# Pictures of my dog



## Toy poodlelvr (Mar 24, 2013)

I can only post one picture at a time...


----------



## rikkia (Nov 5, 2011)

You have a gorgeous girl, I think I see more of a Bichon/Maltese mix than Poodle/Maltese but I've been known to be wrong before now


----------



## Tiny Poodles (Jun 20, 2013)

She is beautiful!
I would say just slightly more Maltese then poodle , but just a bit more.
Either way she is yummy!


Sent from Petguide.com Free App


----------



## Toy poodlelvr (Mar 24, 2013)

She also have a bit curls on her body , and when we half shaved her face( if you know what that means...) she looks like a poodle!!! We get her from a breeder which I believe a BYB , they give us papers which is good,but they didn't care about the dogs. When I pick her up, her brother is still there, after 2 months, the brother also still at the breeder!!!

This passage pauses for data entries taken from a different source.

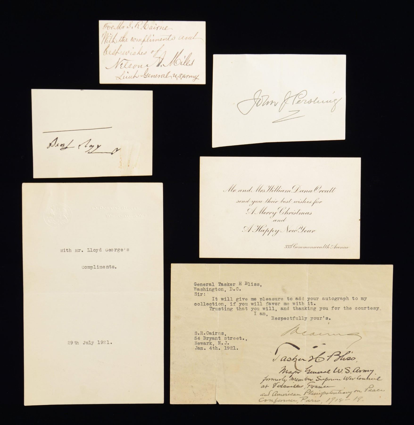 FIGURES. 1) A 4 1/2" x 3" piece of paper with the original signature of John J Pershing. Pershing was a world-famous military figure and leader of the American forces in Europe during WWI. "Black Jack" Pershing was one of the few Americans to ever hold the rank of "General of the Army". 2) A 3 1/2" x 2" card with the original signature of Lieutenant General Nelson A. Miles. Miles held the title of "Commanding General of the United States Army" toward the end of his career. He fought bravely through the Civil War, earning the Congressional Medal of Honor for gallantry at the Battle of Chancellorsville. He fought in many Indian War campaigns and led the Army during the Spanish American War. 3) A 3 3/8" x 5 3/8" card with the signature of Major General Hugh Lenox Scott. Scott served with distinction on the Western Frontier after graduating from West Point in 1876. Most of his service was with the 7th Cavalry, and he was charged with marking the grave sights of General Custer's men that were killed at the Little Big Horn. 4) A 4" x nearly 3" piece of paper signed by David Lloyd George, the Prime Minister of England. The paper is accompanied by a small piece of 7" x 5" stationary with the impressed heading "10. DOWNING STREET. WHITEHALL, S.W.1." The stationery is dated "29th July 1921". 5) A 7 1/2" x 5" piece of paper signed by Major General Tasker H. Bliss. Bliss served in many capacities during the Indian War period through WWI. He is most remembered as a member of the Supreme War Council at Versailles and American Plenipotentiary at the Paris Peace Conference of 1918-19. CONDITION: all items generally show light wear. All signatures are clear and easily read. Most of the paper has slightly yellowed. (02-23298-7/BF). $150-300..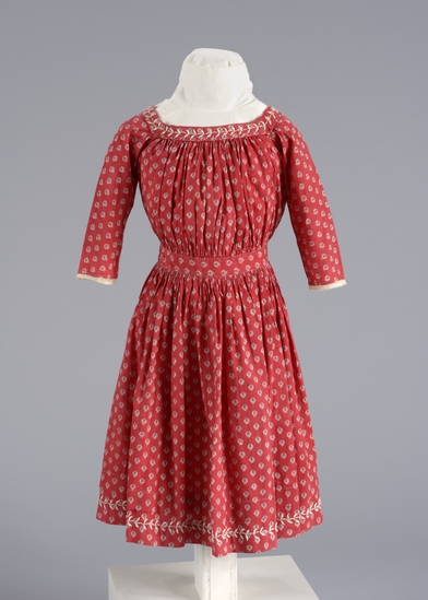 Red floral cotton calico cotton child's dress; long straight sleeves with lace trim; square neckline; gathered front and back bodice; lined waistband; embroidery at neckline and hem; center back opening with hook and thread loop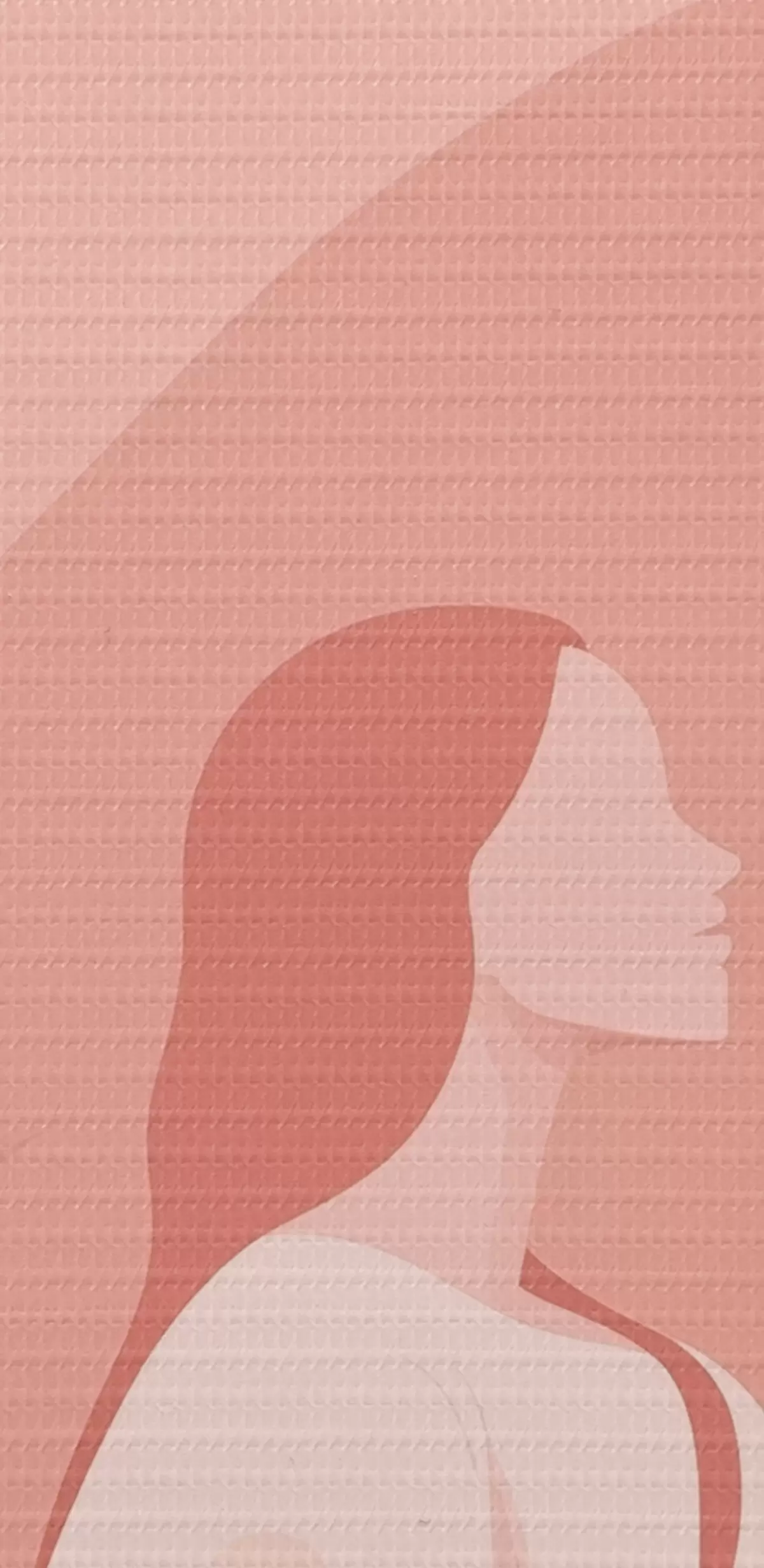 Schilderij Vrouw in meditatie, vlakke stijl, tropische planten, roze kleuren Art. s44154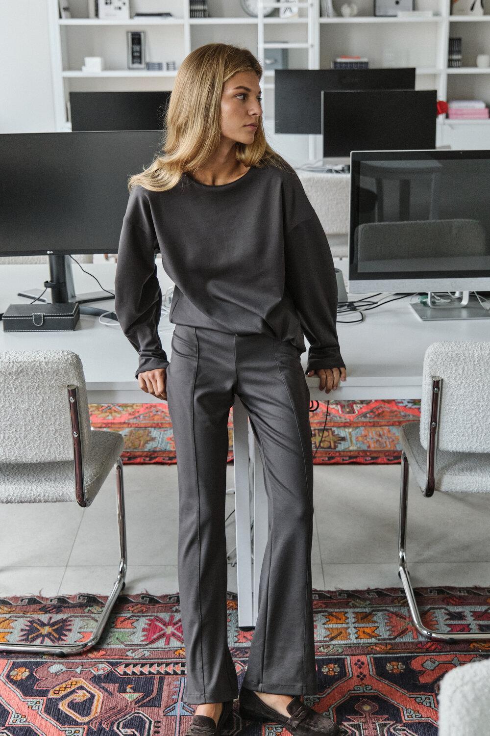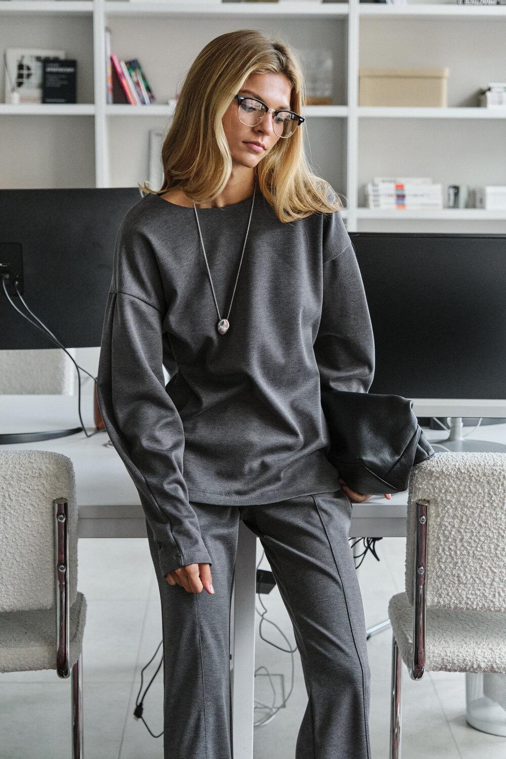 Однотонный ансамбль станет безупречным решением для учителя, элегантной школьной формой для старшеклассниц или строгим деловым комплектом для офисных будней. Трендовая кофточка оверсайз и штаны с высокой посадкой в стиле кэжуал – детали, которые легко трансформируются, позволяя создать аутентичный образ, соответствующий самым строгим требованиям офисного дресс-кода.

This was a very big mistake.....


----------



## 12489 (Apr 2, 2013)

How can you have papers on a mix breed dog? 

The dog would likely be more maltese or Bichon mixed, the two dogs in the pic are a poochon and a Bichon (the fat one). 








Sent from Petguide.com Free App


----------



## Toy poodlelvr (Mar 24, 2013)

Myfluffyjoia said:


> How can you have papers on a mix breed dog?
> 
> The dog would likely be more maltese or Bichon mixed, the two dogs in the pic are a poochon and a Bichon (the fat one).
> 
> ...




the breeder sells the dog as a purebreed, but I believe the dog is a mix


----------